# Any chance of 1D IV and 600EX compatibility in the future?



## johnsonstudios (Nov 14, 2012)

Wondering if there is any chance Canon will make a firmware update for the 1D IV so they can use the group function with the new 600EX flashes? I know Canon doesn't want to do this for all their cameras, but doesn't it seem like they should give pros who have invested in 1 series cameras as new as the Mark IV this update? Thoughts?


----------



## SJTstudios (Nov 14, 2012)

I honestly don't believe so sorry, they want to get people who want the 600rt to buy a new dslr. Although if you like the 1d mark iv for for the crop, the supposed 7d mark ii should fit your needs. Selling your 1d mark iv could get you a 5d iii and the 7d. Sorry to break the bad news, but Canon is trying to pull money out of people since they can't make a billion any more.


----------



## Marsu42 (Nov 14, 2012)

johnsonstudios said:


> Wondering if there is any chance Canon will make a firmware update for the 1D IV so they can use the group function with the new 600EX flashes?



Canon has an interest in phasing out aps-h so that they can sell more expensive tele lenses for people who aren't satisfied a crop sensor.
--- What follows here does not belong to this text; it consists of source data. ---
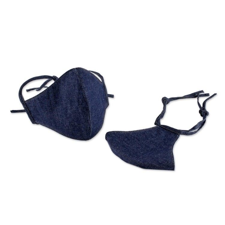 2 Ties-On Dark Blue Cotton Denim 3-Layer Unisex Face Masks 'Blue Denim Classic' Item ID: 2671776694
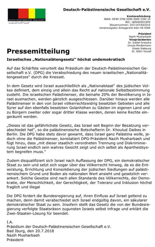 reagiert auf das Gesetz Israel als Jüdischer-National-Staat."
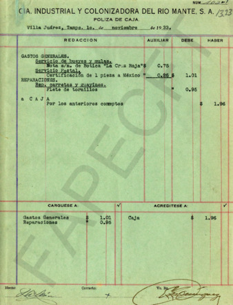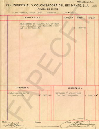 Fondo: 15. Plutarco Elías Calles/ 15.9. Serie. Correspondencia Familiar/15.9.2. Subserie. Pólizas de la Compañía Industrial y Colonizadora del Río Mante, S.A.
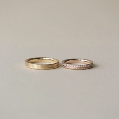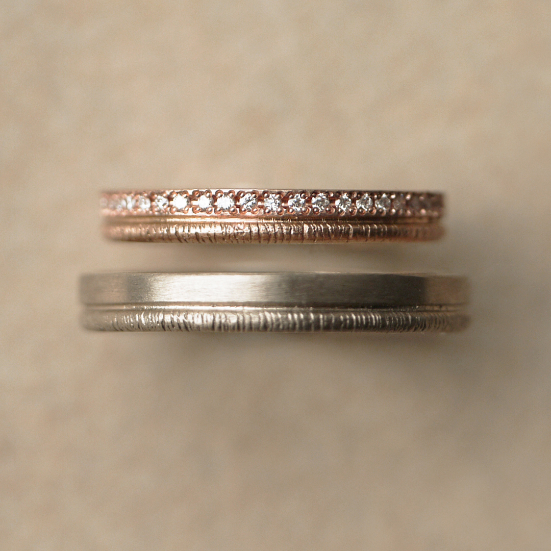 二層の仕上げが重ねづけしたような印象になるオシャレな結婚指輪です。

For this reason alone Canon imho won't add *any* firmware features, and they aren't in the habit of doing so anyway - they only do it when pressed by the market (5d2 video, 7d2 auto-iso, 5d3/1dx f8).

Bad news for you: esp. the group function is the "premium" feature only available on the newest 1dx/5d3 bodies, since older bodies like 5d2 without rt ui are compatible with the 600rt even if Canon tries to say otherwise (hss speed) - why would Canon backport this? And they didn't to paid firmware updates yet.


----------